Made an other equation to try to solve the misery of the moving mass inwards to the center of the rotation and the conserved angular momentum etc

TAM, total angular momentum initial condition's value
ratio, ratio of the radiuses at the actual points (outer rim's radius/current location of the mass in terms of distance aka radius because it is moving inwards on a radius line)
vf, velocity of the outer rim of the frame
vm, velocity of the moving mass
vfp, it is the velocity that needs to be added to the vf
mm, mass of the moving mass
vfo, original velocity of the outer rim of the frame
AMF, original, initial angular momentum of the frame
REFFa, a set reference acceleration like 0.0001
rm, current location of the mass
TQF, Torque required to accelerate the frame with reference acceleration
TQM, Torque required to accelerate the mass at the current location with reference acceleration

TAM * ratio * (((vf + vfp)/ts/REFFa*TQF)) = ((vf + vfp) / vfo * AMF + (vm - (vm - (vf / ratio + vfp / ratio))) * mm * rm) * ((vf + vfp) / (vm - (vm - (vf / ratio + vfp / ratio))))*((vm - (vm - (vf / ratio + vfp / ratio)))/ts/REFFa*TQM)
ts, timestep
Here is an equation that makes sense it uses the angular momentum and the force(Torque) in order to find a pair of velocities that fullfills the criteries at a specific point on the way inwards the system

Left side of the equation:
Total angular momentum * ratio of the radiuses * (((current vel of the frame(outer rim) + vel to be added)/timestep/referenceA*TQ req for ref a for the frame))
Try to understand that these values must match on the right side too but by different phenomenon.
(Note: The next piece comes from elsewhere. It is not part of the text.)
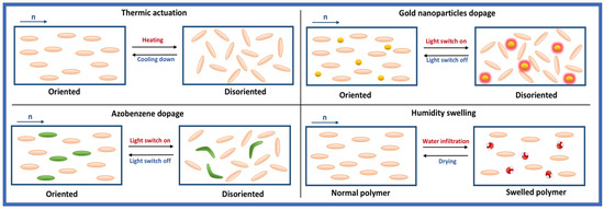 Some dopants, such as gold nanoparticles [46,47], carbon nanotubes, dies [48,49], or monofunctional azobenzenes, can produce a photothermal effect by absorbing light energy and transforming some of it into heat. This increase in temperature will locally allow greater freedom of the molecules in the surroundings and, if incorporated into LC mixtures or polymers, will allow the LC to reach the TN-I, creating a disorganization of the molecules. By incorporating such dopants in an LC resin and, after alignment of the mesogens, polymerizing it, a structure responsive to light can be obtained. Several factors will be at play concerning the intensity of deformation such as the density of photothermal entities and the degree of crosslinking influencing the heat diffusion. The illumination wavelength can be tuned with the incorporation of different particles. For gold nanoparticles, almost the whole spectrum can be used for their light absorption by varying their size and shape. For example, a cylindrical gold nanoparticle can absorb both UV light corresponding to its tubular axis absorption and at 532 nm with the perpendicular axis absorption. Making the tubes longer allows the particle to absorb in UV and at 800 nm. Nowadays, using this theory, researchers try to create structures with multi-responses to several wavelengths. Light is a low-cost actuation but is also problematic because of its low penetration depth.
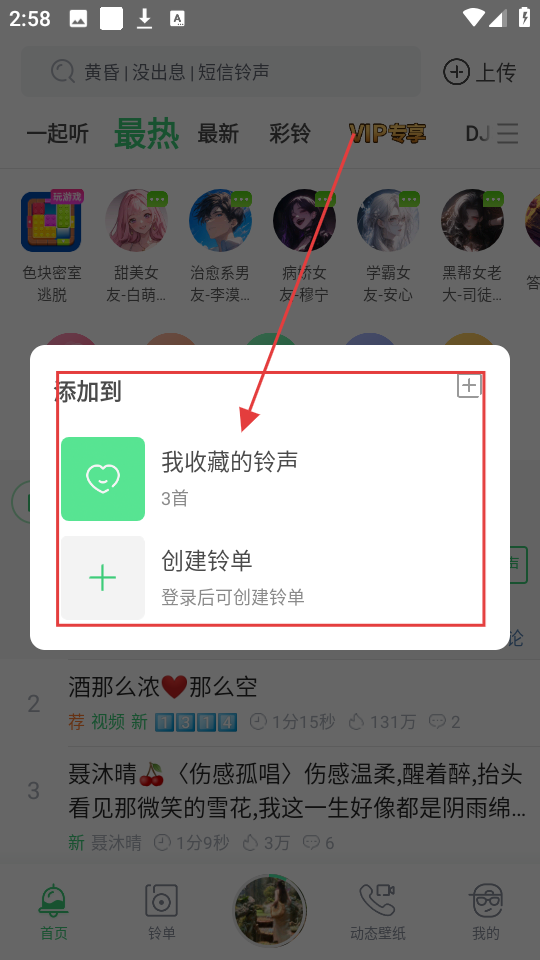 3、点击【收藏】后,会弹出“添加到”窗口,里面有【我收藏的铃声】【创建铃单】等选项,选择要添加的位置哦。

For example as much force used to accel the frame as much will be used to decel the mass... so it is very useful.
I know that it seems that the left side doesn't make sense but the values are multiplying together in order to make a result that only can be if the right side also multiples these values together and since they are produced in a progress moving inwards the variations that maybe producing the same result and not producing invalid ratio of the velocities, torque etc are totally zero...

Right side:
total angular momentum * ratio of the velocities * Torque required to decelerate the masses

total angular momentum
((vf + vfp) / vfo * AMF + (vm - (vm - (vf / ratio + vfp / ratio))) * mm * rm)
Ratio of the velocities
((vf + vfp) / (vm - (vm - (vf / ratio + vfp / ratio))))
Torque Required to decelerate the mass (Must be the same for the frame)
((vm - (vm - (vf / ratio + vfp / ratio)))/ts/REFFa*TQM)
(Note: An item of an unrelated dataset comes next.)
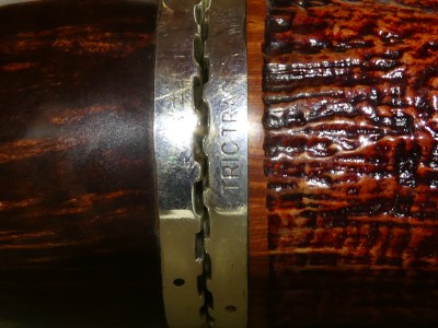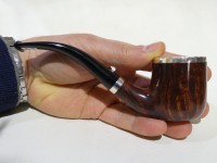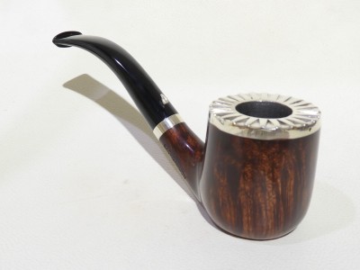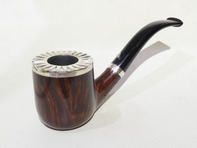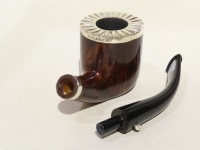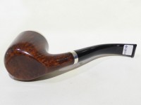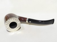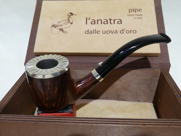 Pipa L'Anatra dalle Uova d'Oro serie BACKGAMMON modello bent Billiard stand up dalla finitura liscia e colore marrone rossiccio. Bocchino in metacrilato nero non sellato. Il top del fornello è adornato con ghiera in argento TRIC TRAC.

So this way the result produces velocities that are conserving the angular momentum and using the same force to accel decel and keep the system very valid because it cares about the velocities of the masses and their retios related to their locations etc. There is at least 7 criteria's that are in this equation that tries to estimate the valid velocities at the current locations based on what they should have at the new locations and what velocities they had at the previous locations.
So the equation is not sensitive to the inwards velocity, the time step size, but it is unable to deal with insanely dense like 30000 kg/m^3 objects because the equation is only valid if certain values multiplies together doest equals to zero etc... But not too many...

 

[Juanda]

Do you have a drawing of what you're trying to solve?

I'm with @Ibix anyways. If the equations are right but you're seeing energy is not being conserved it can be typically solved by reducing the step size in the simulation.
For example, I wrote some code to calculate the movement of a mass attached to a spring with some friction with the ground.
$$m\ddot{x} = -kx - \textup{sign}\left (\dot{x}\right ) \mu N$$

If I make the friction coefficient $\mu = 0$ then the energy of the system should look like this:

You can see how the potential energy in the spring and kinetic energy in the mass balance each other to keep the total energy in the system constant.However, if the step size is not small enough, then the energy is not conserved.

I can't remember exactly but I believe every time I have seen it happening energy is not conserved because it gets lost. I don't think I have ever seen the opposite where energy is created. It's not relevant to the point I'm trying to make but it's something I've always felt curious about. Maybe it's just related to the iteration process I use for the calculations.